The script extracts a time and a sound file for each period of the day on the schedule, then compares the time associated to the sound file with the current time - if it's a match, it will
exec("/usr/bin/aplay /var/www/site/".$soundfile);
Cron is then scheduled to run this script every minute during the school day:
* 8-16 * 1-6,9-12 1-5 root /usr/bin/php -f /var/www/site/scripts/playsound.php > /dev/null
Again, if I manually run the script when there is sound scheduled, the sound plays through the attached speakers. When I have test code that will echo to the screen or output to a file entered as well, cron will dump the output to the files, confirming it is running the script as scheduled. It just won't play the darn sound part of the script.
I've checked all my permissions and since everything else works, they seem to be accurate. I can even write a simple BASH script to get Cron to play a sound on a schedule, so it seems the system has the right group memberships to access both script and sound file. I have switched out exec()
for shell_exec()
, tried using just the commands as well as the absolute paths to the commands, and the cron job is scheduled to run as root. Still can't figure out why this one small feature that is unfortunately so critical to this program succeeding won't work.

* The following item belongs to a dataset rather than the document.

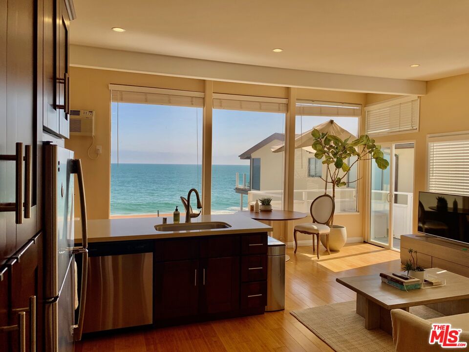 On Malibu Road Beach Side. Large One Bedroom / One bath, upstairs unit with White Water Ocean Views. Ocean views from deck, living room and kitchen. Recently updated kitchen and bathroom, Hardwood floors, large closet, covered garage parking for 1 car, plus one parking space behind garage. Laundry in unit. "Minimum one year lease". Ask about Pets. Bright and open unit with beautiful Malibu Beach views. Direct beach stair access. Available now. Call for Showing.

Any advice is greatly appreciated.
One of the most frequent causes for the crontab job not being correctly executed is that a cronjob does not run under the user's shell environment. Another reason can be – not specifying the absolute path of the commands used in the script.

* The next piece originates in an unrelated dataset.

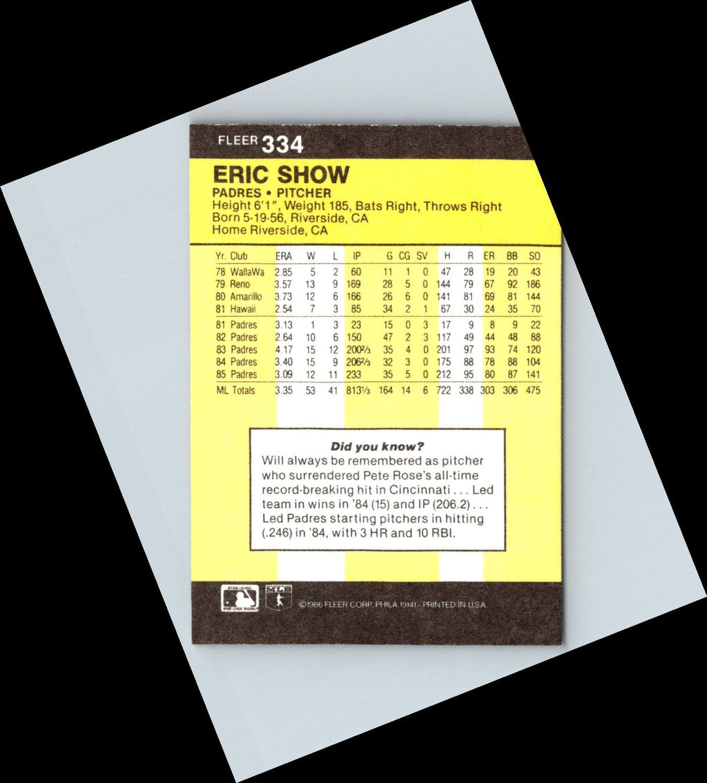 The 1986 Fleer Eric Show #334 San Diego Padres card showcases one of the most iconic players of the 80s. Show was a promising young pitcher who showed immense potential in his first full season with the Padres. Boasting an impressive stat line of 10 wins, 8 losses, and a 2.80 ERA during the season, this card is a must-have for any baseball fan or collector. Show's image is bold and vibrant, with a classic Padres logo in the background. Add this classic card to your collection today and remember one of the greatest Padres of all time.

The cron reads the crontab (cron tables) for running predefined scripts. By using a specific syntax, you can configure a cron job to schedule scripts or other commands to run automatically.

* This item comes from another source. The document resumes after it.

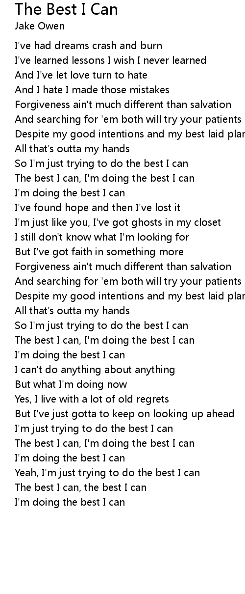 The best I can, I'm doing the best I can |

Probably permissions on /dev/snd/pcmC0D0p
are the problem. (That's the device for ALSA Card 0: Device 0: playback.) If there is a desktop session running on the server, it may have a pulseaudio daemon holding the device open.
Setting things up for multiple users to be able to play sound at the same time is a mess, and requires configuring pulseaudio in a low-performance mode that isn't zero-copy, so don't do that. Just make sure the server can exclusively open the sound device when needed.
To see whether an ALSA sound device is open or not (regardless of paused state or w/e):
$ cat /proc/asound/card0/pcm0p/sub0/hw_params
access: MMAP_INTERLEAVED
format: S16_LE
subformat: STD
channels: 2
rate: 44100 (44100/1)
period_size: 8192
buffer_size: 16384
$ cat /proc/asound/card0/pcm1p/sub0/hw_params
closed
So the first playback PCM on my first sound card is open, but the 2nd PCM (the S/PDIF output of my motherboard audio) is closed. Further opens of the sound device only work because the default ALSA setup makes the "default" device a pulseaudio wrapper. hw:0
would fail, because it's busy, and this sound card doesn't have a hardware mixer.
(Fun fact: some old soundcards, e.g. some PCI Soundblaster cards, supported multiple opens of the hardware device. Multiple streams of PCM data could be DMAed to the card, where they would be mixed by its DSP. Unless I'm totally wrong and the kernel driver was mixing >.< But anyway, you didn't need pulseaudio if you had one.)